Eight subjects had H pylori–associated gastritis followed by H pylori–negative sampling that showed autoimmune gastritis. Review of original samples showed full-thickness inflammation of oxyntic mucosa in 8 of 8 and oxyntic gland loss in 7 of 8 cases. Enterochromaffin-like (ECL) cell hyperplasia, pyloric metaplasia, and intestinal metaplasia were present in 4 of 8 (80% of 5 tested cases), 4 of 8, and 3 of 8 cases, respectively. Features of autoimmune gastritis were noted at the time of their original H pylori diagnosis in 11 study subjects. Ten of 11 samples displayed full-thickness inflammation of oxyntic mucosa and/or partial loss of oxyntic glands, 8 of 11 had ECL cell hyperplasia (all tested cases), 6 of 11 showed pyloric metaplasia, and 4 of 11 harbored intestinal metaplasia. Except for full-thickness oxyntic mucosa inflammation, these features were absent in control cases.

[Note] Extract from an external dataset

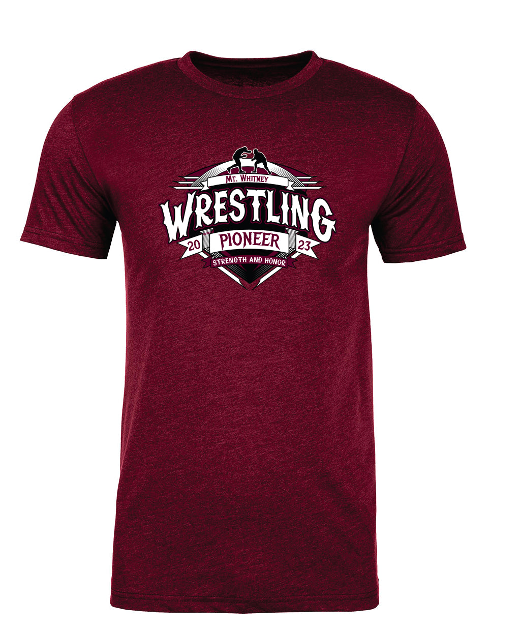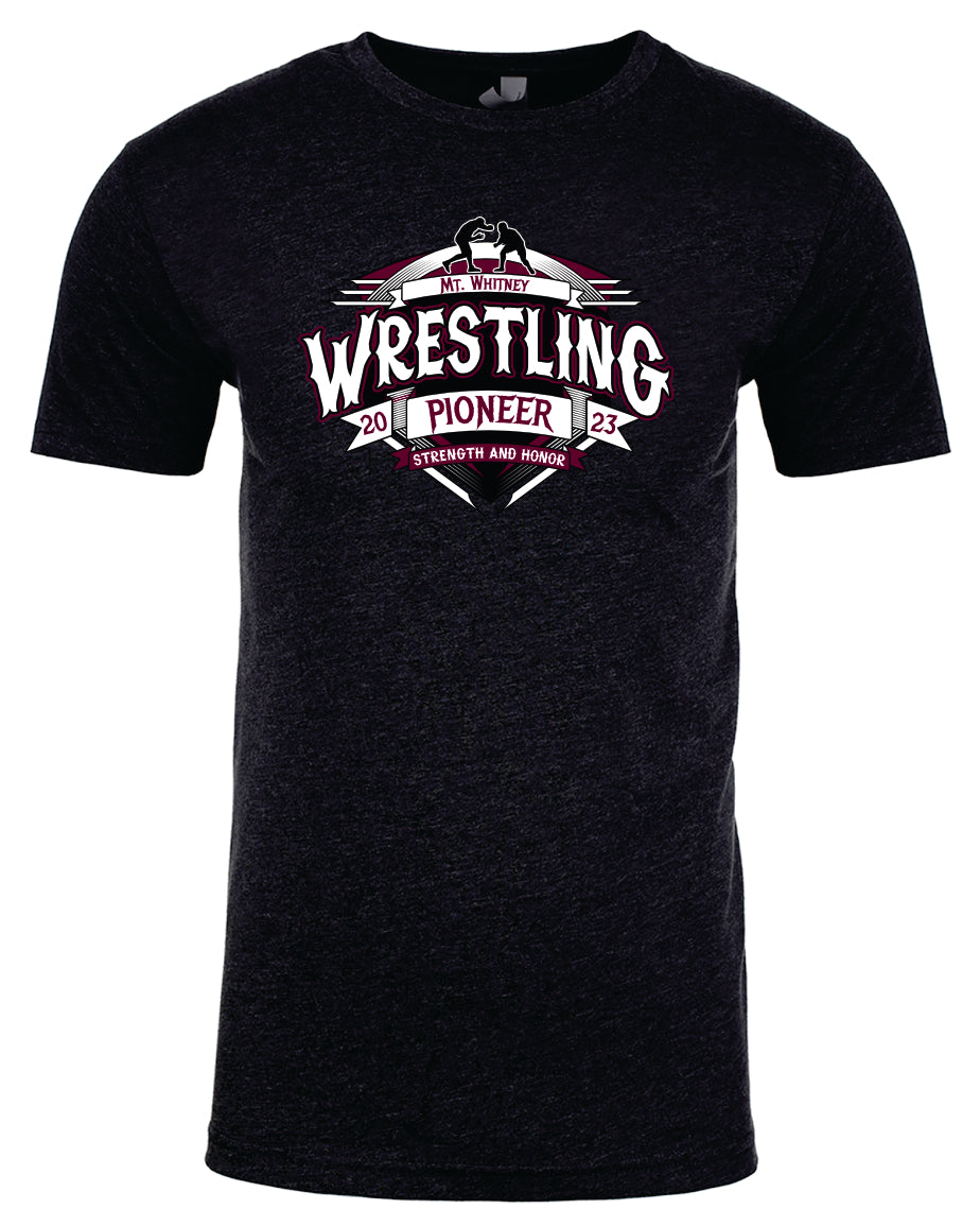 Unleash your inner warrior with Mt. Whitney Wrestling! Made with a lightweight and durable 4.3 oz fabric, this shirt combines the comfort of combed ring-spun cotton with the strength of polyester. Featuring a versatile set-in baby rib collar and reinforced side seams, this shirt is ready for any challenge. Tear away the label and get ready to dominate on the mat!

Full-thickness inflammation combined with oxyntic gland loss and ECL cell hyperplasia may help to identify autoimmune gastritis in patients with concomitant H pylori infection.
The authors have no relevant financial interest in the products or companies described in this article.
These data were presented, in part, at the United States and Canadian Academy of Pathology 2020 annual meeting; February 28–March 5, 2020; Los Angeles, California.